Добавить в цитаты Настройки чтения

Страница 119 из 172

         Пять сотен Утемиша как раз прикрывали фланг и слабо использовались в деле. Утемиш тут же ускакал, чтобы смелой контратакой разогнать неведомо откуда свалившихся. Неужели Матвей не обманул? Треск ружейных выстрелов и одиночные хлопки пушек подтверждали, что пока татары увязли в разгроме опричного полка Хворостинина,  свежие полки московитов, испытывая хлопоты лишь с ухабистыми дорогами, зашли во фланг  хану и продолжают движение, целясь на обоз.

         Утемиш скоро возвратился в ставку с окровавленной головой.
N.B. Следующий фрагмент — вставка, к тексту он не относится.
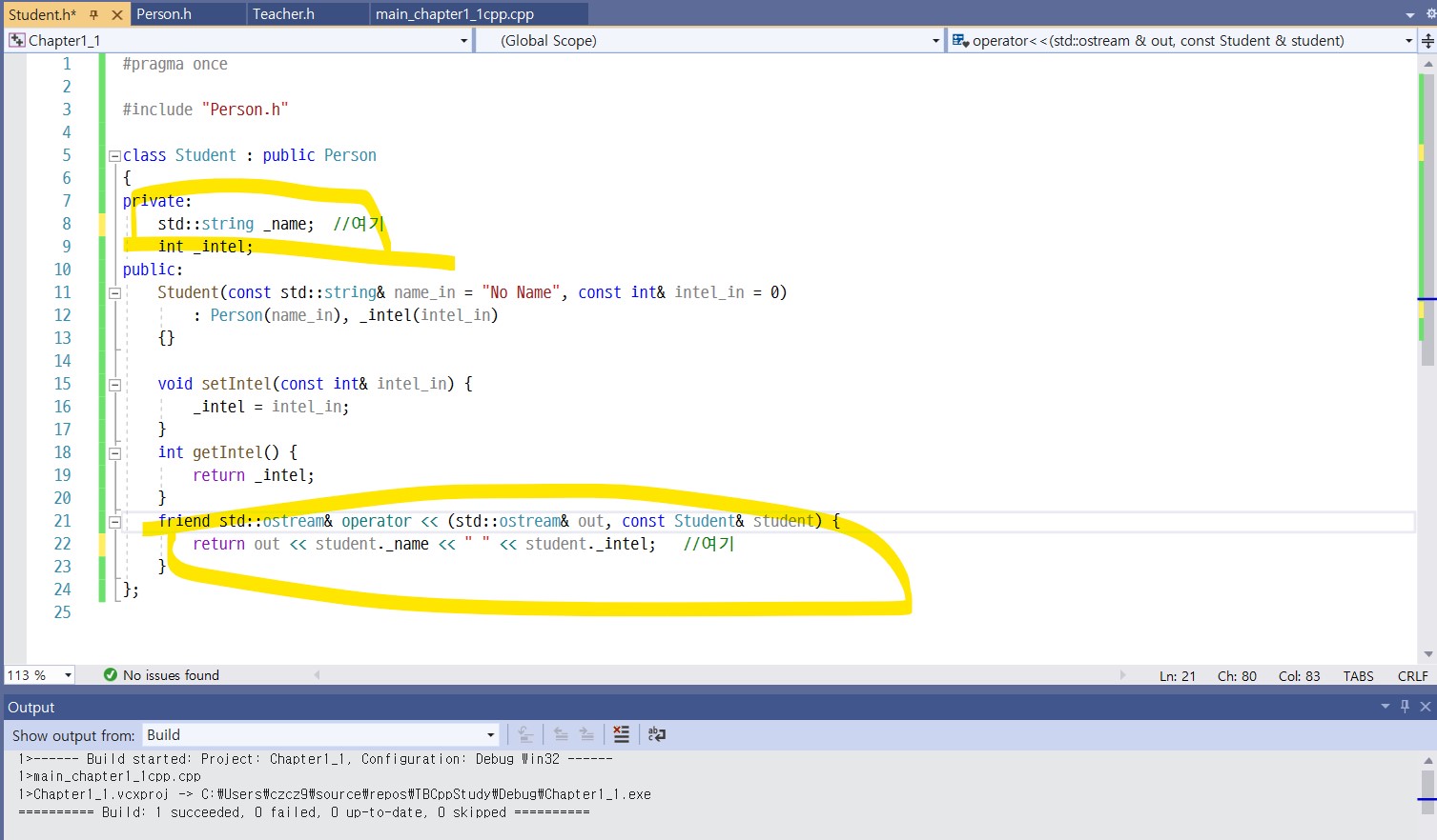 setName은 Person 으로부터 상속받은 멤버함수이기 때문에 setName은 위 사진에서 확인할 수 있듯이 Person으로부터 물려받은 m_name 값을 설정하게 됩니다. 마찬가지로 Student 생성자 보시면 아시겠지만 생성자로 이름 세팅하는 것도 Person 생성자를 호출해서 하고 있으니 이 과정도 Person으로부터 물려받은 m_name 값을 세팅하는 것입니다.

Его конников рассеяли, и он, как прежний гонец, преувеличивал численность неприятеля, описывал, что заметил те же самые деревянные щиты, что спасали «гуляй-город». Сломав со зла плетку, Девлет бросил на обходивших русских орду ногаев. Хану приходилось выводить людей из сечи с Хворостининым, ибо мало кто не ускакал  туда добыть доблести и пленника в короткой расправе с малой черной тысячью.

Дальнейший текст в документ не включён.